Los estados de la Europa Continental Occidental, de acuerdo con la guía proveniente de la práctica inglesa, optaron, en su gran mayoría, por sumarse al esquema de sistema parlamentario, que a diferencia del presidencialista, concede una especial preeminencia al parlamento sobre el ejecutivo, entre otras cosas, por la división interna de roles, pues una persona (rey, reina o presidente) es el jefe de estado, mientras que otra, (normalmente un primer ministro) es el jefe de gobierno y de la administración.

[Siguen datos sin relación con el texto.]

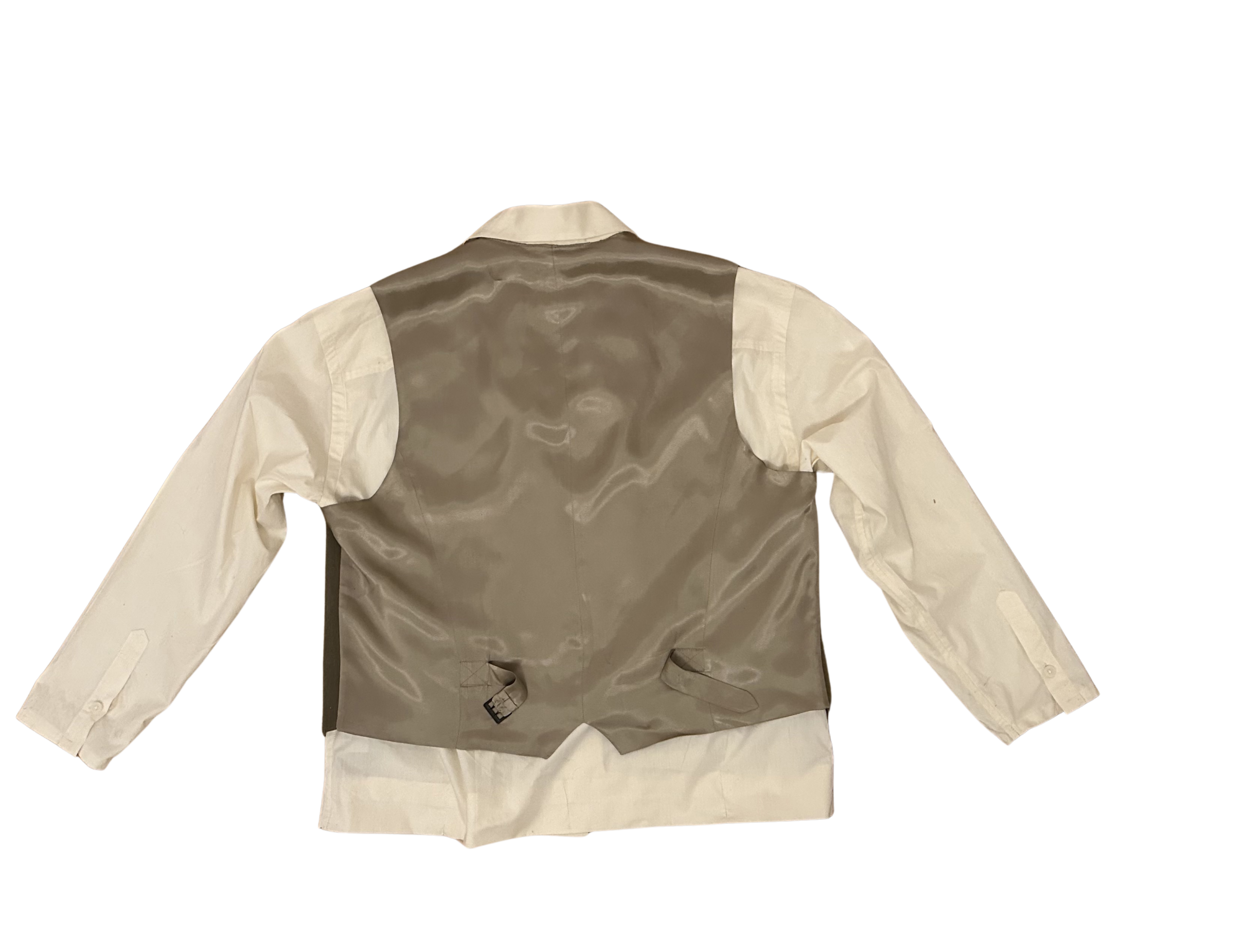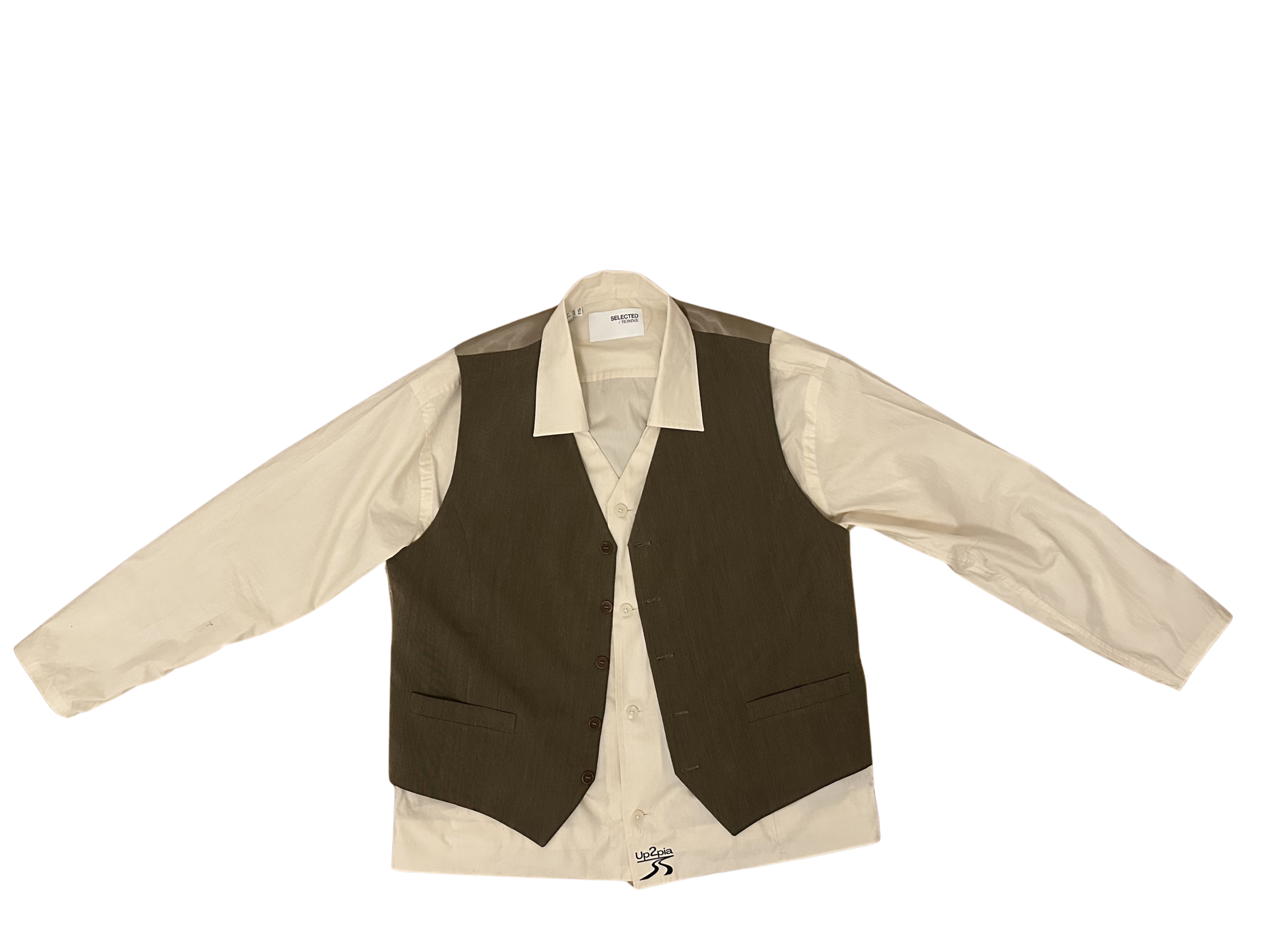 This upcycled shirt reimagines classic tailoring through layering and contrast. The base is a soft, off-white button-up with a relaxed structure, overlaid with a tailored vest panel in an earthy, muted tone. The vest element is seamlessly integrated rather than separate, giving the piece a refined, hybrid identity.

La práctica anglosajona de la monarquía constitucional ha llevado a que el primer ministro sea designado teniendo en cuenta los avales necesarios para ser nominado, normalmente contando con el apoyo incondicional de su partido o de la coalición mayoritaria en el parlamento, es decir, surge del interior del parlamento, órgano que queda habilitado para ejercer un estricto control político y censura sobre el gobierno y la administración.
La preeminencia del parlamento sobre el gobierno y la estricta disciplina de partido, hacen que el control político se convierta en la principal tarea y responsabilidad del parlamento, lo que no sucede en el sistema presidencialista, en el que la concentración de la triple jefatura de estado, gobierno y administración en la persona del presidente, hace que el control político pase a un segundo plano, convirtiéndose la producción legislativa, en el punto principal y casi único en la agenda de los congresos nacionales.
Precisamente, la falta de un estricto control político, en un sistema presidencialista como el nuestro, con una histórica vocación hacia el presidencialismo, hace que el presidente de la república se transforme en un funcionario con muy escaso o ningún control directo, lo que puede generar inconvenientes y expresiones de abuso e irresponsabilidad en materia de declaraciones, actos y hechos propios del Estado.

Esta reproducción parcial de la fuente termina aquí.